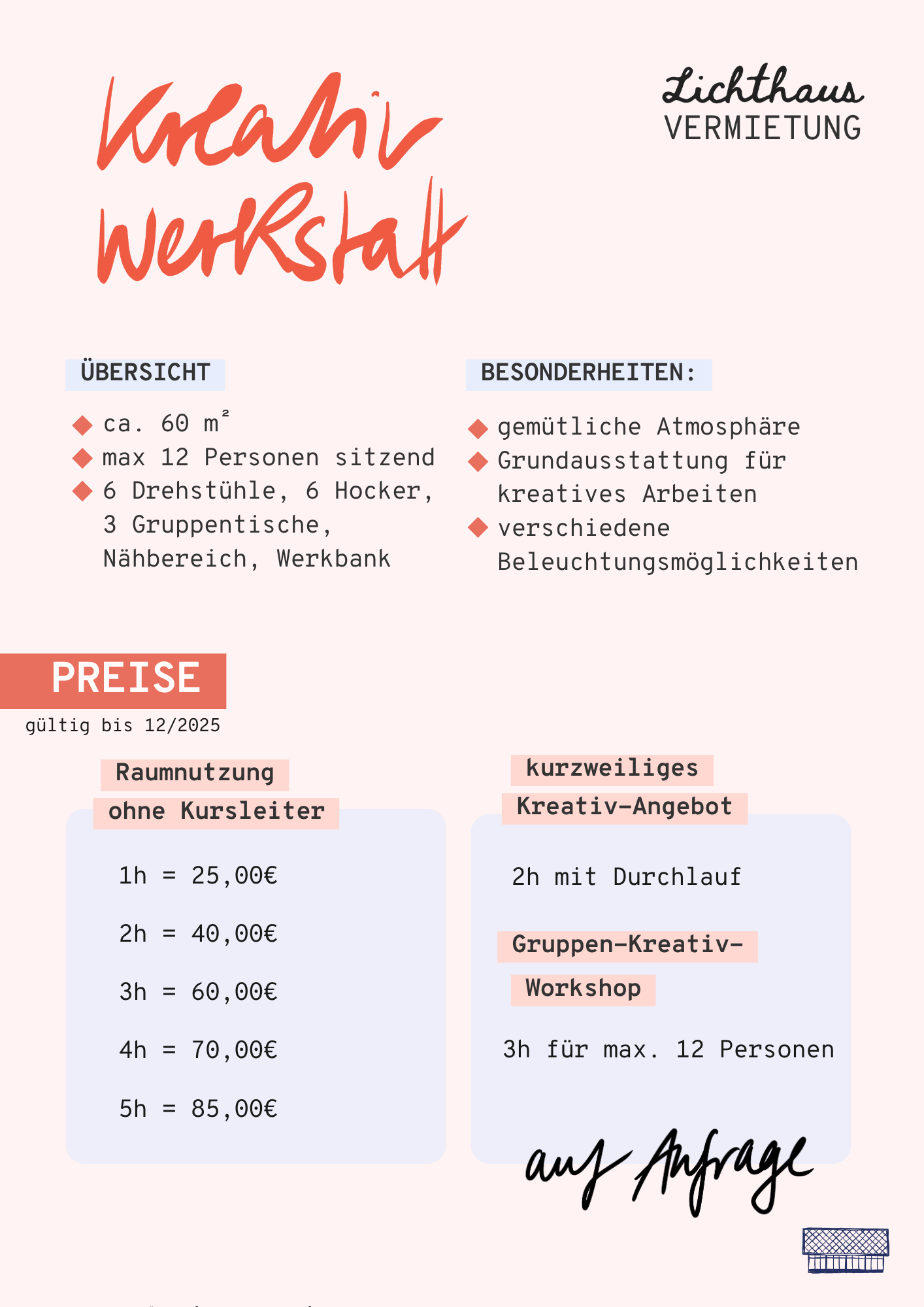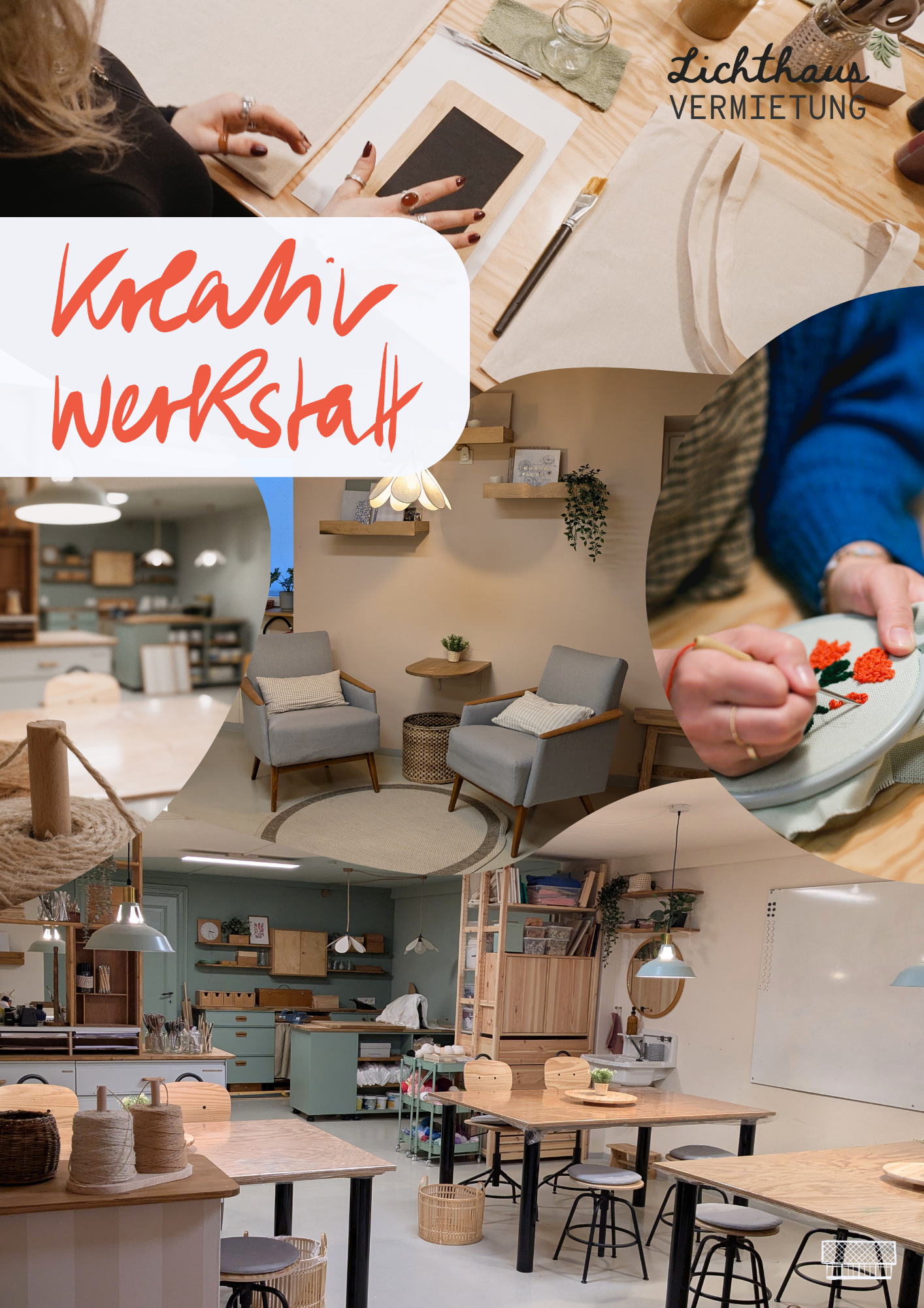 Du hast ein kreatives Event im Sinn oder möchtet einen Kreativkurs anbieten? Unsere Kreativwerkstatt bietet Platz für ca. 10 Personen und läd zum inspirierten, konzentrierten Handwerkern und Arbeiten ein. Weitere Details erfährst du hier.
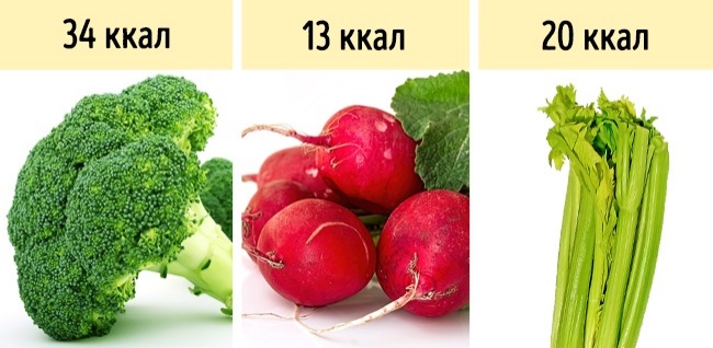 Дійсно, селера, редис і деякі інші овочі в сирому вигляді для дієти справжня знахідка — їх можна їсти без шкоди для фігури. Тим не менше їх калорійність швидше нульова, так як на перетравлення такого овочу витрачається стільки ж калорій, скільки він містить. Заїдати селерою тортик марно — калорійність тортика від цього не зміниться.
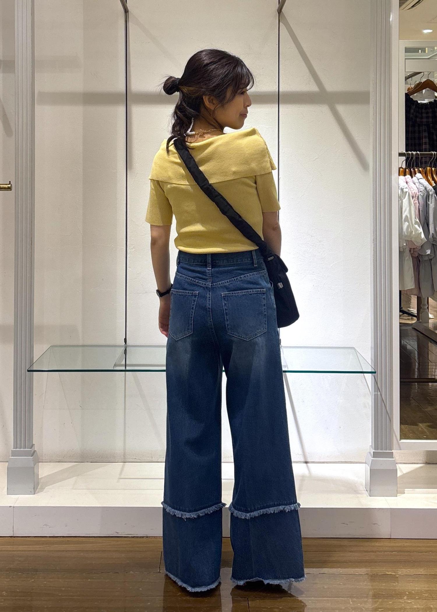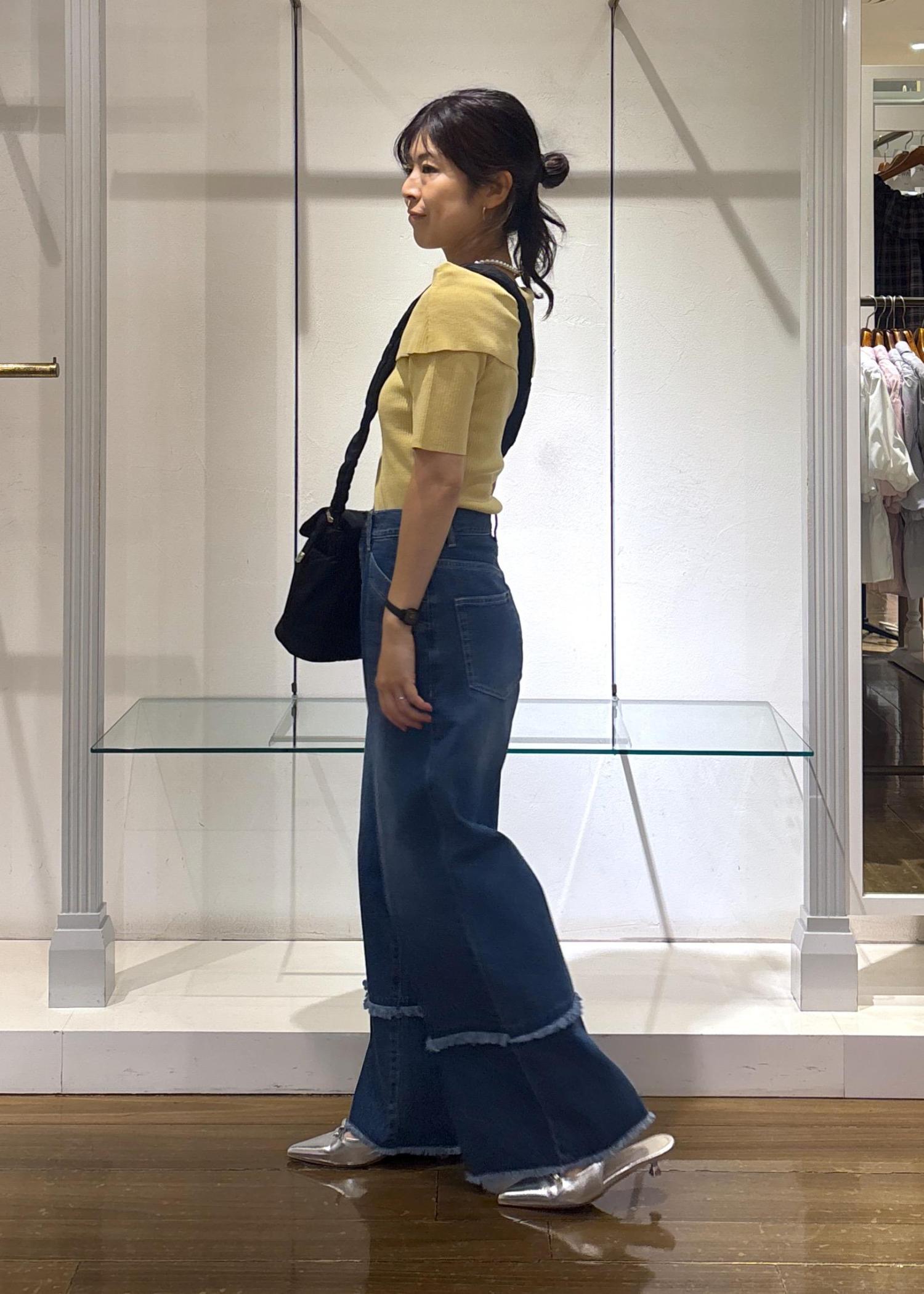 VISフリンジフレアデニムブルー系 / S¥4,395レビュー身長156cmでSサイズを着用。 ウエストは少しゆとりがありますがトップスをインするとちょうどよいです!丈は靴を履いてギリギリ床にあたらないくらいで、思ったよりもジャストで着られました◎下着のラインを拾わず程よく厚みとハリがありますが、軽くて柔らかい肌触りで暑い日も着やすい生地感。脚周りは広めですが大きく見えないデザインではきやすいです!
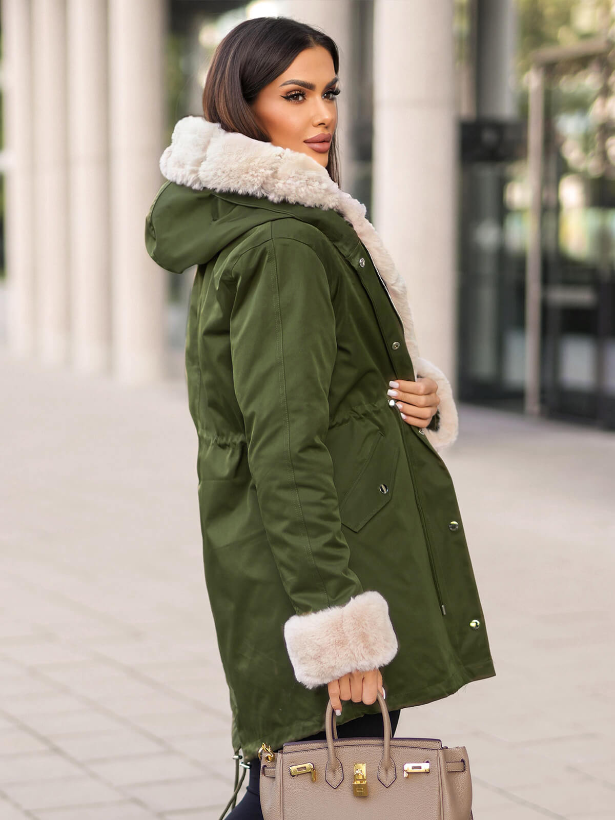 Στυλ και άνεση σε ένα - Γυναικείο χειμερινό μπουφάν με γούνα πράσινο OZONEE JS/M763/136Z
--*--
* What is required
Give the material above again exactly as it stands, minus any images.

* Expected answer
 Du hast ein kreatives Event im Sinn oder möchtet einen Kreativkurs anbieten? Unsere Kreativwerkstatt bietet Platz für ca. 10 Personen und läd zum inspirierten, konzentrierten Handwerkern und Arbeiten ein. Weitere Details erfährst du hier.
 Дійсно, селера, редис і деякі інші овочі в сирому вигляді для дієти справжня знахідка — їх можна їсти без шкоди для фігури. Тим не менше їх калорійність швидше нульова, так як на перетравлення такого овочу витрачається стільки ж калорій, скільки він містить. Заїдати селерою тортик марно — калорійність тортика від цього не зміниться.
 VISフリンジフレアデニムブルー系 / S¥4,395レビュー身長156cmでSサイズを着用。 ウエストは少しゆとりがありますがトップスをインするとちょうどよいです!丈は靴を履いてギリギリ床にあたらないくらいで、思ったよりもジャストで着られました◎下着のラインを拾わず程よく厚みとハリがありますが、軽くて柔らかい肌触りで暑い日も着やすい生地感。脚周りは広めですが大きく見えないデザインではきやすいです!
 Στυλ και άνεση σε ένα - Γυναικείο χειμερινό μπουφάν με γούνα πράσινο OZONEE JS/M763/136Z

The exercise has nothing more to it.